When it comes to advising beginning investors, we often fall back on the notion of starting with basic necessities, such as food, fuel, and utilities—needs that have to be met by consumers, no matter the economic environment—observes dividend reinvestment expert David Fish, editor of MoneyPaper.
That principle doesn't stop with beginners, though. It also amounts to good conservative advice for veteran investors who may be concerned about the threat of recession, global turmoil, or an overdue bear market.

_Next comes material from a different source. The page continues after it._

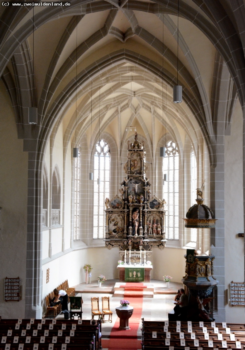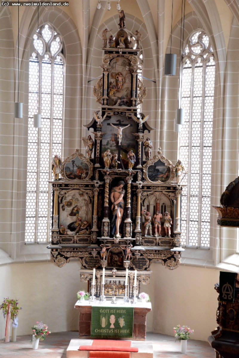 Zwischen Markt und Burg Mildenstein steht in Leisnig die alte Stadtkirche St. Matthäi. Urkundlich wurde sie 1293 erstmals erwähnt. Wesentliche Bauarbeiten fanden im 15. Jahrhundert statt. 1636 geriet sie in Brand, der Wiederaufbau dauerte 10 Jahre. Der Turm wurde erst 50 Jahre später fertig. Heute präsentiert sie sich uns als dreischiffige Hallenkirche im spätgotischen Baustil. Im dreiteiligen Altar wird die komplette Leidensgeschichte Christis dargestellt. Er entstammt 1663 / 64 Otto und Johannes Richter, die Predella zeigt das Abendmahl. Im Altar sind auch die wichtigsten Persönlichkeiten des Christentums platziert.

And it is especially appropriate for companies that carry top ratings for safety, financial strength, and predictability, such as our featured stock. Such companies tend to hold up better in market sell-offs and provide steadily rising dividends that enhance compounding through dividend reinvesting.
Founded in 1891, Hormel Foods (HRL) is an international producer and marketer of consumer-branded meat and food products; its products include sausages, hams, wieners, bacon, stews, microwavable entrees, hash, meat spreads, tortillas, salsas, salad dressings, and condiments.
Its brand names include Hormel, Always Tender, Compleats, Cure 81, SPAM, Dinty Moore, Jennie-O, Mary Kitchen, Chi-Chi's, and Little Sizzlers.
For the fiscal year that ends in October, consensus estimates call for HRL to earn about $2.23 per share, up from $1.97 a year earlier, and to go on to net about $2.58 per share in fiscal 2015.
The Hormel Foundation owns 48.8% of the 264 million outstanding shares and insiders own another 3.2%. The dividend, which has been increased for 48 consecutive years, provides a yield of about 1.8%.